The following subsections specify how monitoring works, first in multi-threaded or asynchronous clients, and second in single-threaded clients. This spec provides detailed requirements for monitoring because it intends to make all drivers behave consistently.
Multi-threaded or asynchronous monitoring
Servers are monitored in parallel
All servers' monitors run independently, in parallel: If some monitors block calling hello or legacy hello over slow connections, other monitors MUST proceed unimpeded.
The natural implementation is a thread per server, but the decision is left to the implementer. (See thread per server.)
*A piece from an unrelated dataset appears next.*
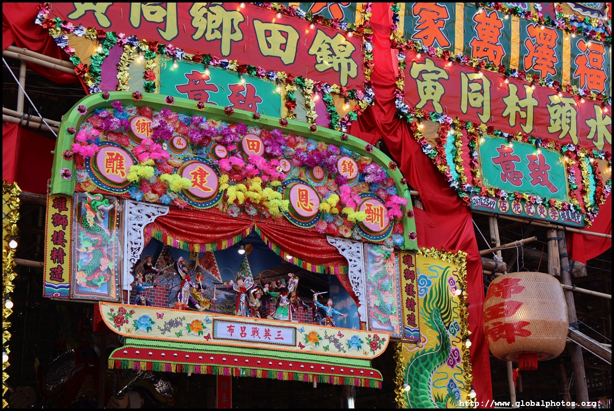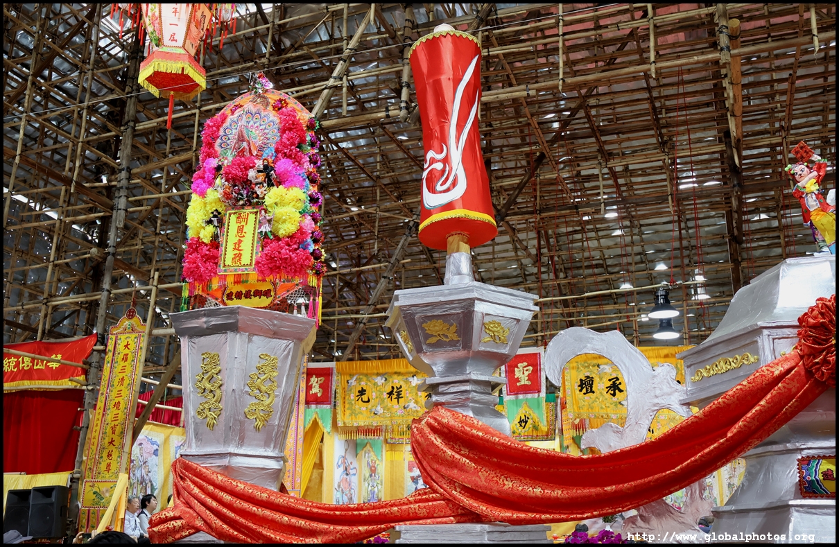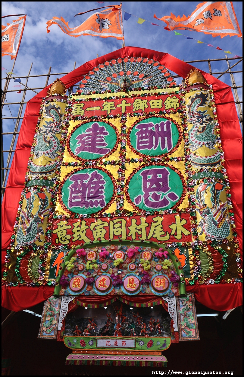 Once every 10 years, Kam Tin's villagers put on an elaborate show for a festival with Taoist rituals and performances. Its history goes back to 1685 to commemorate 2 government officials from the Qing Dynasty that assisted the Tang clan to return to Kam Tin after coastal regions were evacuated by force amidst war with Ming loyalists based in Taiwan.The 2025 edition took place in December and attracted huge crowds. It gained particular attention thanks to a massive bamboo scaffolding hall, which set a Guinness World Record as the world's largest temporary bamboo altar. It was made with over 25,000 bamboo poles, 3500 fir logs, and zinc sheets, taking more than 2 months to complete. The use of bamboo has been thrown into the spotlight during this time as it was initially blamed for the massive fire at Tai Po's Wang Fuk Court. Even before the tragedy, the government had proposed to phase out bamboo scaffolding in favour of metal, a fairly controversial topic. Bamboo theatres started appearing in Hong Kong in the late 19th century and were initially covered with palm leaves and canvas. The fire-prone materials were replaced with zinc sheets in the 1970s. Outside, over 100 flower boards decorate the festival grounds. Believed to originate from Chinese archway or palace decorations, flower boards are widely used in traditional festivals and inaugurations. They are crafted with bamboo, coloured paper, and plastic, although in the past fresh flowers were used.

Servers are monitored with dedicated sockets
A monitor SHOULD NOT use the client's regular connection pool to acquire a socket; it uses a dedicated socket that does not count toward the pool's maximum size.
Drivers MUST NOT authenticate on sockets used for monitoring nor include SCRAM mechanism negotiation (i.e.
saslSupportedMechs
), as doing so would make monitoring checks more expensive for the server.
Servers are checked periodically
Each monitor checks its server and notifies the client of the outcome so the client can update the TopologyDescription.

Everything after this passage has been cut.